March 8, 2018 Angangueo
After everyone came down we went to get some really nice quesadillas and then we went back to Angangueo. In Angangueo, because it was only one o’clock in the afternoon, we went to a mural that explained the history of Angangueo. Angangueo was first an agricultural town, than a mining town, than a lumber town, and now it is a monarch butterfly tourist town.
March 8, 2018 Angangueo
After that we went back to our hotel for a presentation about monarch butterflies. Many of the facts they explained I knew, but there was still a lot to learn. For example, that one of the biggest reasons why monarch butterflies are endangered, is because there isn’t enough of the right milkweed out there for them to survive on.
The presentation was so long that it led to dinner, which was jalapeño poppers and pasta. After the filling dinner I went straight to bed after a cold shower. The next day was the last day of our monarch butterfly expedition. We were going back to El Rosario.
March 9, 2018 El Rosario
After breakfast we all buckle up into the trucks again and went off to El Rosario. The road we took went through the town and up onto one of the hills. The road became steep as we went up higher. We used the horses again to go up the hill, but this time I was able to control the horse by myself. I started at the back of the line and by the end of the trail, I was in the front. Now I was very excited to see the monarch butterflies. I knew how many monarch butterflies to expect. Soon I realized that we were going a different path up, but it didn’t matter to me.
March 9, 2018 El Rosario
It was equally beautiful and filled with monarchs, but this time they were much closer to the ground and scattered around more. They were mating and fluttering around not together, but as individuals. I stood there looking around and taking lots of notes. Because there were so many monarch butterflies you could hear the flapping of all the wings, which sounded like soft clapping.

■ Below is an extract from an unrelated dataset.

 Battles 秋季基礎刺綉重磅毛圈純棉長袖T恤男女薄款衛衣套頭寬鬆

As I continued to walk a monarch butterfly had fluttered over to me and landed on my jacket. I asked Trevor to take a photo of it, but he was too late. The monarch butterfly flew away. I was sad that it left before taking the photo, but I was happy to know that it had happened to me. It was my butterfly moment.

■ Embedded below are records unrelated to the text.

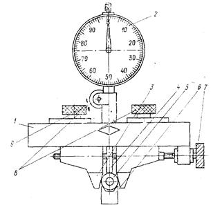 Для обеспечения нормальных условий смазки и компенсации погрешностей изготовления и монтажа в зубчатых передачах путем радиального смещения исходного контура рейки создают боковой зазор между неработающими профилями сопряженных зубьев. С целью обеспечения в передаче гарантированного бокового зазора осуществляют дополнительное смещение исходного контура ЕHr от его номинального положения в тело зубчатого колеса (рис. 27). Наименьшую величину ЕHr нормируют в зависимости от степени точности по нормам плавности и вида сопряжения и обозначают: для зубчатых колес с внешними зубьям -ЕHs, для колес с внутренними зубьями через + EHi. Допуск TН на дополнительное смещение исходного контура установлен от допуска на радиальное биение Fr и вида сопряжения, причем для всех видов сопряжения ТН > Fr. Зубомеры смещения предназначены для определения положения исходного контура относительно наружного диаметра цилиндрических зубчатых колес внешнего зацепления с модулями от 2 до 50 мм и углом исходного контура 20° по ГОСТ 1643-81. Прибор (рис. 28) состоит из корпуса 1 с симметрично расположенными губками 3, которые одновременно перемещаются посредством винта 7 и закрепляются в нужном положении гайками 8. В корпусе прибора устанавливается индикатор 2 с удлиненным сменным измерительным наконечником 4. По перемещению наконечника индикатора, опирающегося на окружность выступов зубьев, определяют величину смещения исходного контура. Настройка зубомеров смещения производится по специальным калибрам-роликам 5, прилагаемым к прибору, которые помещают в призму специальной стойки 6.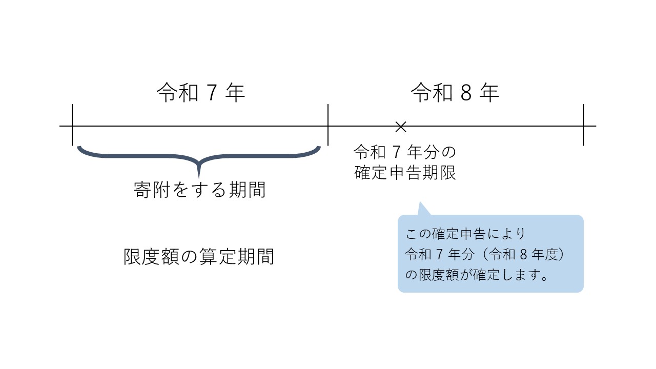 例えば下記の図のように令和7年にふるさと納税をした場合、寄附自体は令和7年中に行いますが、実際の所得税額や住民税額の計算についてはその翌年の令和8年にならなければ確定することができません。つまり、時間的に先に納税があって、後で減税額が確定するのです。したがって、最適な寄附の金額としての限度額の計算は、寄附する時点では予想でしか計算することができないということに注意が必要になります。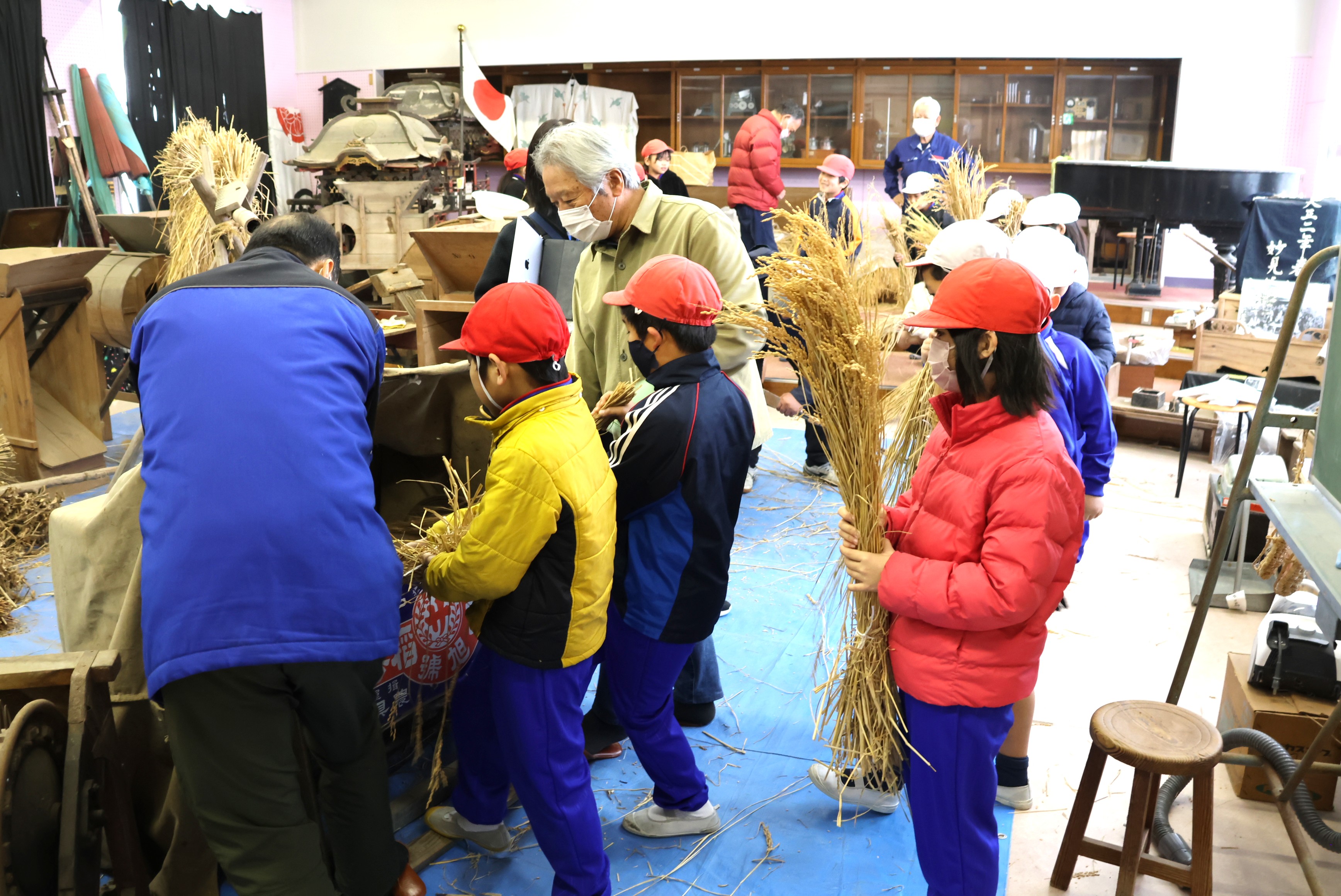 児童たちは脱穀体験をしたり、見学した展示品に〇を付けて行きながら全ての部屋を見て回り、

Woodside – May 1, 2018 – Monarchs Are One
Monarch butterfly migration is an event in our world that you can’t get out of a book or even a movie. To learn, to see and to hear about how one monarch butterfly generation, made of millions of individual butterflies, gets to a certain point, and only then another generation is born changed how I understood monarchs. The individual monarch butterfly never returns to where they traveled from. The monarch butterflies is one ever moving, ever dying, ever being born community. All monarch butterflies depend so much on each other, that they really are one giant monarch butterfly. Just like millions of scales create one wing so the butterfly can fly, millions of these butterflies have to be working together to exist. If one link of this mesmerizing living chain breaks then the giant monarch butterfly is gone forever.
This giant monarch butterfly only has one predator – human. Humans change the natural habitat of the mating and wintering groves. Humans change climate and bring sudden frost to monarchs migrating routes, which causes a sudden death of millions.
You will never experience the jaw dropping beauty from any book or any movie. You can only get that from real life. But what if there were no more monarch butterflies left? There would be no such beauty for us humans to enjoy.